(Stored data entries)

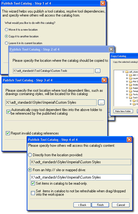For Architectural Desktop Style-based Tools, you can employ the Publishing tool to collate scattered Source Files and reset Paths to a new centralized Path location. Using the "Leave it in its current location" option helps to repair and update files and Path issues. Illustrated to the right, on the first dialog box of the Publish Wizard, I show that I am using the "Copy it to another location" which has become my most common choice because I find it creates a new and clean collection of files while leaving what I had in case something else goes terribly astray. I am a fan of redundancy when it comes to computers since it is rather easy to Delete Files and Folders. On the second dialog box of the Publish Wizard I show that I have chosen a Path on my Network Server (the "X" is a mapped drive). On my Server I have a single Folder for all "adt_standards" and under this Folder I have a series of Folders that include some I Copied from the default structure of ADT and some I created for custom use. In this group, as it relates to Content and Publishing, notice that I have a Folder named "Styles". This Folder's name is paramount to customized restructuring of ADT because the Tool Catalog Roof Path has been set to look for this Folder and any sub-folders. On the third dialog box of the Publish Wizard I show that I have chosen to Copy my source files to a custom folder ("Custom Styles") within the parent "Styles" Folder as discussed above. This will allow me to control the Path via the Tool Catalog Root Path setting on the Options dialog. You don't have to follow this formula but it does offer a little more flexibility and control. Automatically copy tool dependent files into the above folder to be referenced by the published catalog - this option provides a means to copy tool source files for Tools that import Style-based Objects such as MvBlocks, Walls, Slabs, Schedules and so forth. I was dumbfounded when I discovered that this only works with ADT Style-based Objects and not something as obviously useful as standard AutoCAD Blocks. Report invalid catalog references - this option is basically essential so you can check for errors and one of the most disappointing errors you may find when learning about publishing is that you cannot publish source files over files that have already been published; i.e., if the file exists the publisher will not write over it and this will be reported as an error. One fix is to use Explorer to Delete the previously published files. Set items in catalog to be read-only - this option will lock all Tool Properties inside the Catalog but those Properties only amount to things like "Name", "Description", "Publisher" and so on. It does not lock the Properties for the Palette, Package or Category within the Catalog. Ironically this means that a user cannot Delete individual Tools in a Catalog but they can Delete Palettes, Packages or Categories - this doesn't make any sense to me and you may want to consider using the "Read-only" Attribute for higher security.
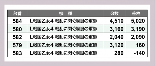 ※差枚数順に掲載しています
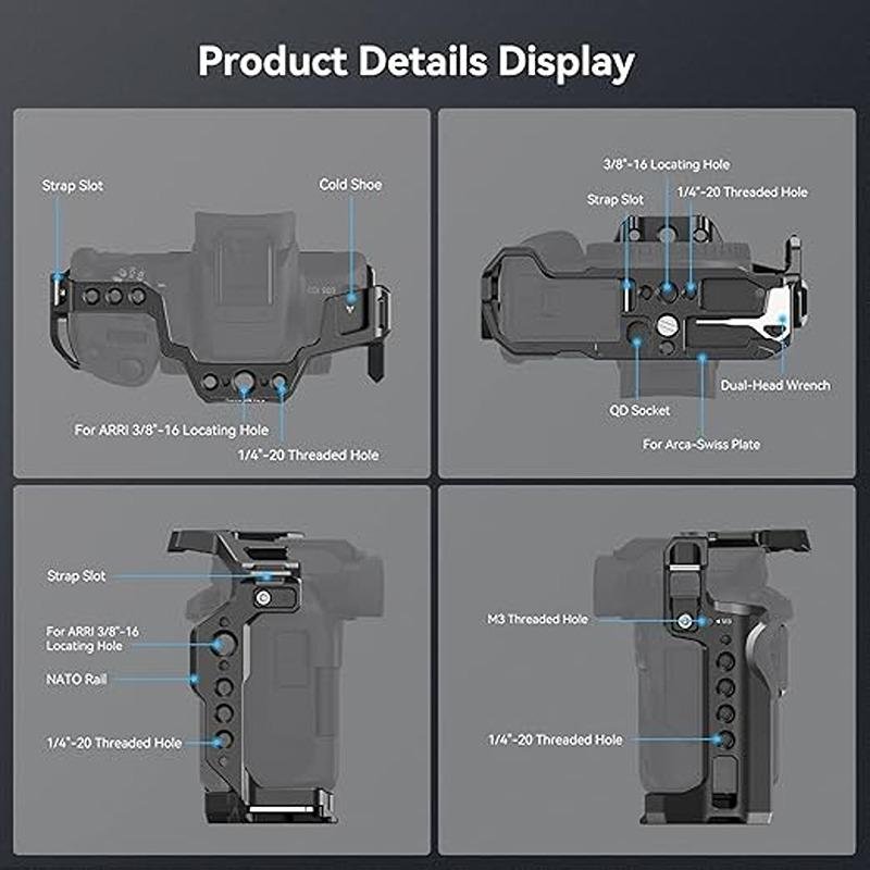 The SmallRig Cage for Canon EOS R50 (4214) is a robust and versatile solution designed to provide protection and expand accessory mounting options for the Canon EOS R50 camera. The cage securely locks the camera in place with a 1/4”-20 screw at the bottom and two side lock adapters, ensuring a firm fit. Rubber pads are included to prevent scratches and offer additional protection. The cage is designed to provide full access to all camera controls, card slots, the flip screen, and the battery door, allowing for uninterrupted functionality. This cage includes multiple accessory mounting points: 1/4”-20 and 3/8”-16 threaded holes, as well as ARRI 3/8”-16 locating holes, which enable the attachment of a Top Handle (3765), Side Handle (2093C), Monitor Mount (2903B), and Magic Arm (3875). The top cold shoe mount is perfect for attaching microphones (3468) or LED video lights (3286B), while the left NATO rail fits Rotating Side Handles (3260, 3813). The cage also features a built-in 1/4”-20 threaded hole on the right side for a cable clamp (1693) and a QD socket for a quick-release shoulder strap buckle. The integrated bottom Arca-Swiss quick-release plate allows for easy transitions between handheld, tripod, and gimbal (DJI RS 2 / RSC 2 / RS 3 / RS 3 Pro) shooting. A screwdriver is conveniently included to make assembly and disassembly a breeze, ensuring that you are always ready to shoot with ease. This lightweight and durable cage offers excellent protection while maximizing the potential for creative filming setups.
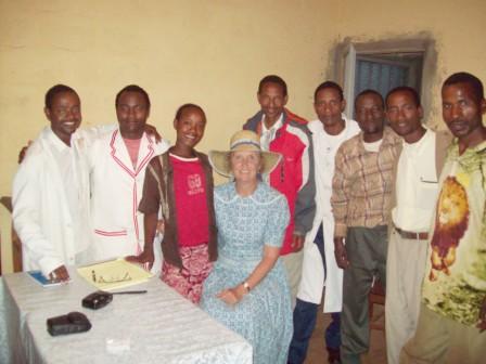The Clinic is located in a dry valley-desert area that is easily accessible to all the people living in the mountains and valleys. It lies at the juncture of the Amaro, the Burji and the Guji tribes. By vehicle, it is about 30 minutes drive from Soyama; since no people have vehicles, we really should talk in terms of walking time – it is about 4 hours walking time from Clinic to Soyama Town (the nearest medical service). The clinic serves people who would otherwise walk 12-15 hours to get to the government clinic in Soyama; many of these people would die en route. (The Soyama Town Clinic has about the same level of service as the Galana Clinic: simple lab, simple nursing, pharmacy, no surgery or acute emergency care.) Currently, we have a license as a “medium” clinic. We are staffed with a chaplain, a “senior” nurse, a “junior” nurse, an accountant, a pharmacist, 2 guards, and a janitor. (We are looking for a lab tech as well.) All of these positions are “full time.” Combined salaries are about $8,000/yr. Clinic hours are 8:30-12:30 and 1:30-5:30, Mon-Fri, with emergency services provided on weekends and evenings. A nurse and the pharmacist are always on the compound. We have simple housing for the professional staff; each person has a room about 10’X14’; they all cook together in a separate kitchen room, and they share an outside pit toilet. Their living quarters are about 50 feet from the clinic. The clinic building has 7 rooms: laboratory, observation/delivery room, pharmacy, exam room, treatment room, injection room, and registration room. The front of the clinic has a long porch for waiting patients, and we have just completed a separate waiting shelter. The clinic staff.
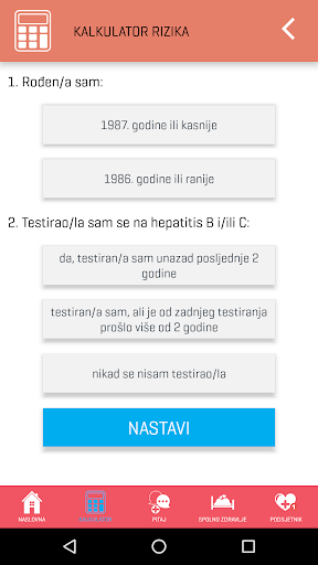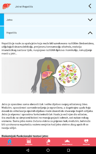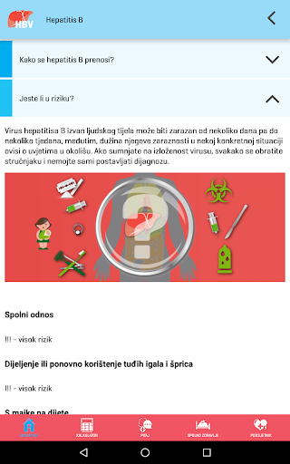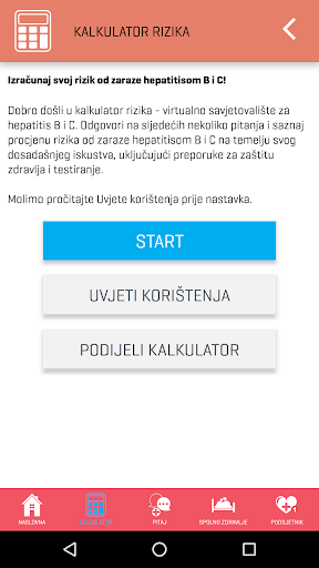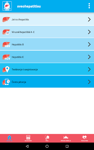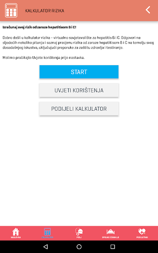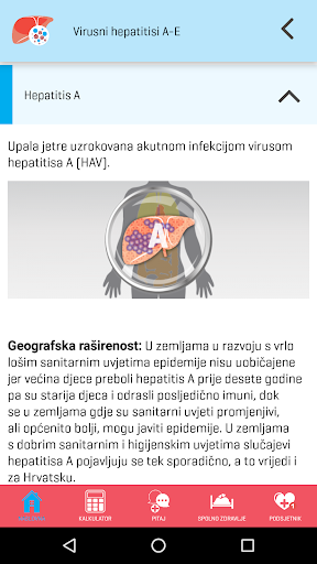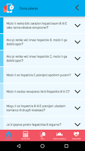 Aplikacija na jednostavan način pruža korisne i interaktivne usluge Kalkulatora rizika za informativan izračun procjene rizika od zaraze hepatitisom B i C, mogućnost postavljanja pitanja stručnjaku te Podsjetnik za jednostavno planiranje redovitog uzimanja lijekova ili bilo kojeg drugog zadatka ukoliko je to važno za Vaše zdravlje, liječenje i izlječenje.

**Aim of the task:** Skip the pictures and reproduce all remaining entries exactly.

**Solution to the exercise:**
For Architectural Desktop Style-based Tools, you can employ the Publishing tool to collate scattered Source Files and reset Paths to a new centralized Path location. Using the "Leave it in its current location" option helps to repair and update files and Path issues. Illustrated to the right, on the first dialog box of the Publish Wizard, I show that I am using the "Copy it to another location" which has become my most common choice because I find it creates a new and clean collection of files while leaving what I had in case something else goes terribly astray. I am a fan of redundancy when it comes to computers since it is rather easy to Delete Files and Folders. On the second dialog box of the Publish Wizard I show that I have chosen a Path on my Network Server (the "X" is a mapped drive). On my Server I have a single Folder for all "adt_standards" and under this Folder I have a series of Folders that include some I Copied from the default structure of ADT and some I created for custom use. In this group, as it relates to Content and Publishing, notice that I have a Folder named "Styles". This Folder's name is paramount to customized restructuring of ADT because the Tool Catalog Roof Path has been set to look for this Folder and any sub-folders. On the third dialog box of the Publish Wizard I show that I have chosen to Copy my source files to a custom folder ("Custom Styles") within the parent "Styles" Folder as discussed above. This will allow me to control the Path via the Tool Catalog Root Path setting on the Options dialog. You don't have to follow this formula but it does offer a little more flexibility and control. Automatically copy tool dependent files into the above folder to be referenced by the published catalog - this option provides a means to copy tool source files for Tools that import Style-based Objects such as MvBlocks, Walls, Slabs, Schedules and so forth. I was dumbfounded when I discovered that this only works with ADT Style-based Objects and not something as obviously useful as standard AutoCAD Blocks. Report invalid catalog references - this option is basically essential so you can check for errors and one of the most disappointing errors you may find when learning about publishing is that you cannot publish source files over files that have already been published; i.e., if the file exists the publisher will not write over it and this will be reported as an error. One fix is to use Explorer to Delete the previously published files. Set items in catalog to be read-only - this option will lock all Tool Properties inside the Catalog but those Properties only amount to things like "Name", "Description", "Publisher" and so on. It does not lock the Properties for the Palette, Package or Category within the Catalog. Ironically this means that a user cannot Delete individual Tools in a Catalog but they can Delete Palettes, Packages or Categories - this doesn't make any sense to me and you may want to consider using the "Read-only" Attribute for higher security.
 ※差枚数順に掲載しています
 The SmallRig Cage for Canon EOS R50 (4214) is a robust and versatile solution designed to provide protection and expand accessory mounting options for the Canon EOS R50 camera. The cage securely locks the camera in place with a 1/4”-20 screw at the bottom and two side lock adapters, ensuring a firm fit. Rubber pads are included to prevent scratches and offer additional protection. The cage is designed to provide full access to all camera controls, card slots, the flip screen, and the battery door, allowing for uninterrupted functionality. This cage includes multiple accessory mounting points: 1/4”-20 and 3/8”-16 threaded holes, as well as ARRI 3/8”-16 locating holes, which enable the attachment of a Top Handle (3765), Side Handle (2093C), Monitor Mount (2903B), and Magic Arm (3875). The top cold shoe mount is perfect for attaching microphones (3468) or LED video lights (3286B), while the left NATO rail fits Rotating Side Handles (3260, 3813). The cage also features a built-in 1/4”-20 threaded hole on the right side for a cable clamp (1693) and a QD socket for a quick-release shoulder strap buckle. The integrated bottom Arca-Swiss quick-release plate allows for easy transitions between handheld, tripod, and gimbal (DJI RS 2 / RSC 2 / RS 3 / RS 3 Pro) shooting. A screwdriver is conveniently included to make assembly and disassembly a breeze, ensuring that you are always ready to shoot with ease. This lightweight and durable cage offers excellent protection while maximizing the potential for creative filming setups.
The Clinic is located in a dry valley-desert area that is easily accessible to all the people living in the mountains and valleys. It lies at the juncture of the Amaro, the Burji and the Guji tribes. By vehicle, it is about 30 minutes drive from Soyama; since no people have vehicles, we really should talk in terms of walking time – it is about 4 hours walking time from Clinic to Soyama Town (the nearest medical service). The clinic serves people who would otherwise walk 12-15 hours to get to the government clinic in Soyama; many of these people would die en route. (The Soyama Town Clinic has about the same level of service as the Galana Clinic: simple lab, simple nursing, pharmacy, no surgery or acute emergency care.) Currently, we have a license as a “medium” clinic. We are staffed with a chaplain, a “senior” nurse, a “junior” nurse, an accountant, a pharmacist, 2 guards, and a janitor. (We are looking for a lab tech as well.) All of these positions are “full time.” Combined salaries are about $8,000/yr. Clinic hours are 8:30-12:30 and 1:30-5:30, Mon-Fri, with emergency services provided on weekends and evenings. A nurse and the pharmacist are always on the compound. We have simple housing for the professional staff; each person has a room about 10’X14’; they all cook together in a separate kitchen room, and they share an outside pit toilet. Their living quarters are about 50 feet from the clinic. The clinic building has 7 rooms: laboratory, observation/delivery room, pharmacy, exam room, treatment room, injection room, and registration room. The front of the clinic has a long porch for waiting patients, and we have just completed a separate waiting shelter. The clinic staff.
 Aplikacija na jednostavan način pruža korisne i interaktivne usluge Kalkulatora rizika za informativan izračun procjene rizika od zaraze hepatitisom B i C, mogućnost postavljanja pitanja stručnjaku te Podsjetnik za jednostavno planiranje redovitog uzimanja lijekova ili bilo kojeg drugog zadatka ukoliko je to važno za Vaše zdravlje, liječenje i izlječenje.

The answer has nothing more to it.